Shelley and Ed Harris didn't learn how to recognize the different types of cries from their baby, Clinton. Not that they aren't good parents; they are great parents. But, because of Clinton's tracheotomy (a tube inserted in the throat for breathing) as a result of his rare genetic birth defect, he doesn't cry or make sound.
In June 2003, Clinton entered this world as the product of a perfectly normal pregnancy. He was born with Pierre Robin sequence, a combination of birth defects which usually includes a small lower jaw, cleft palate and tendency for the tongue to ball up in the back of the mouth. Pierre Robin occurs in about 5 to 22 babies per every 100,000 births.
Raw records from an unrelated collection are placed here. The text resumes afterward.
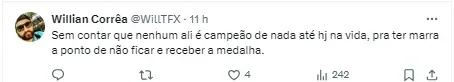 Vale lembrar que, nos acréscimos, Gustavo Martins começou um princípio de confusão no gramado e foi expulso. “Foi em função do jogo terminar em uma confusão, quisemos evitar alguma situação que poderia acontecer”, explicou o interino Alexandre Mendes, sobre o motivo de o elenco não ter ficado no gramado. Confira alguns comentários nas redes sociais (SIC)
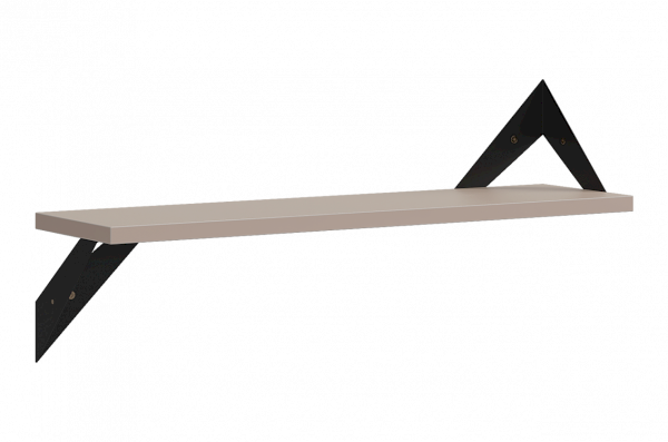 Полка крепится к стене с помощью чёрных треугольных держателей, которые обеспечивают устойчивость и долговечность. Особенность модели в том, что держатели можно расположить сверху, снизу или один сверху, другой снизу, что позволяет адаптировать полку под любые интерьерные решения и потребности.
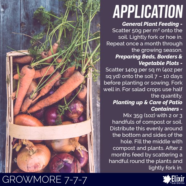 - Scatter 140g per sq m (4oz per sq yd) onto the soil 7 – 10 days before planting or sowing.
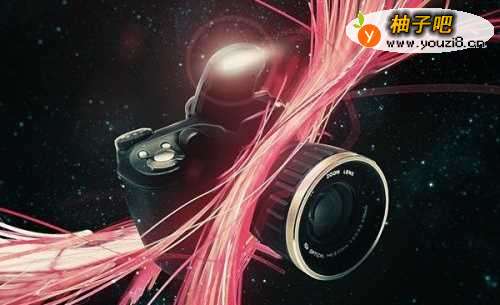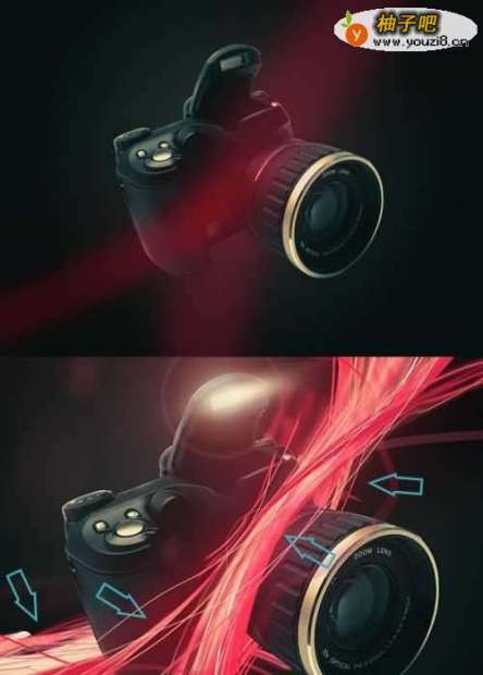 25在这一步,除了要让线条更闪耀更具有3D感,同时也要为相机的边缘投光。
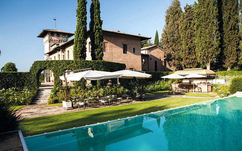 Das ehemalige Kloster ist heute eine romantische Hochzeitslocation. Es bietet einen Rundumblick auf die Hügellandschaft der Toskana, sowie auf das Städtchen San Gimignano.
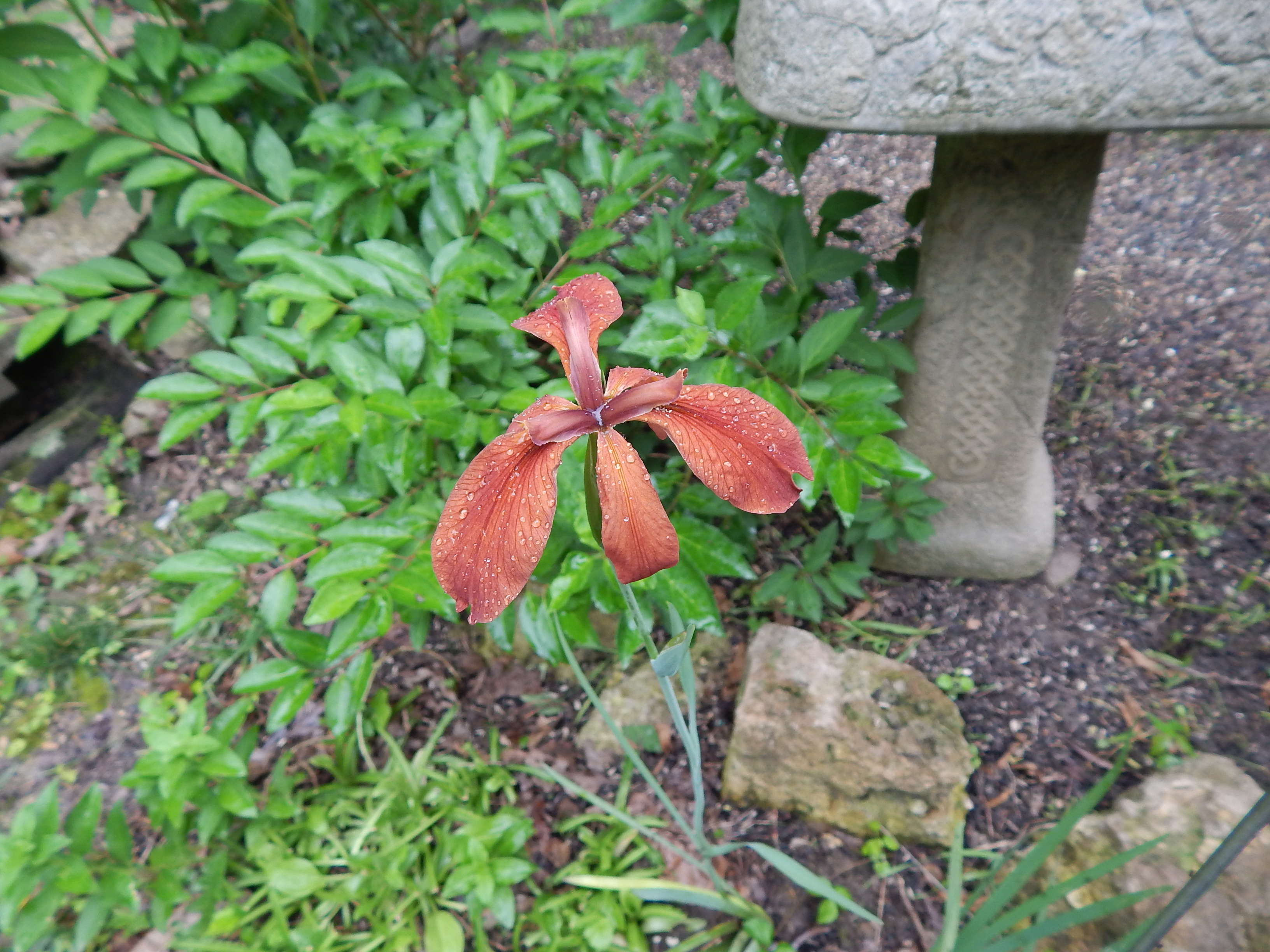 I keep this planted next to my bird bath as I dump the water daily to put fresh water in the bird bath. This does keep the soil sufficiently damp. The leaves die back in August as the plant blooms and then reappear when it is finished and remain green through the winter.  I purchased my root stock for the Copper Iris from Prairie Moon Nursery in Winona, MN. While I don’t endorse businesses I have had great success with root stock I have purchased from them.

A byproduct of the birth defect is respiratory distress. Immediately after Clinton's birth, he wasn't breathing. Michael Wagnon, DO, Shannon Clinic pediatrician, and the nursery nurses detected an internal cleft palate and the appearance of the syndrome. Within six hours, Clinton was at Cook Children's Medical Center in Fort Worth, where he would spend the first six weeks of his life.
"We were very traumatized when Clinton was born," says Shelley. "I worked until the morning I delivered Clinton and had no inclination that anything was wrong. I knew something was wrong at birth because his color was bad. When I went to the neonatal intensive care unit, I held him briefly for a minute before he was airlifted to Fort Worth. Ed and I were just numb."
After six weeks, Clinton came home and the Harrises began learning how to care for him. Clinton's tracheotomy requires frequent suctioning. As with many Pierre Robin babies, Clinton is fed through a tube and has reflux issues.
"He doesn't make typical baby sounds, but he does make his own unique types of sound and we know them all very well," Shelly says. "Clinton is a wonderful child and is the best thing to ever happen to Ed and me. He is so very happy and rarely gets mad. Because we cannot leave him alone quite yet, Ed and I spend most of our waking moments with Clinton and that is a blessing."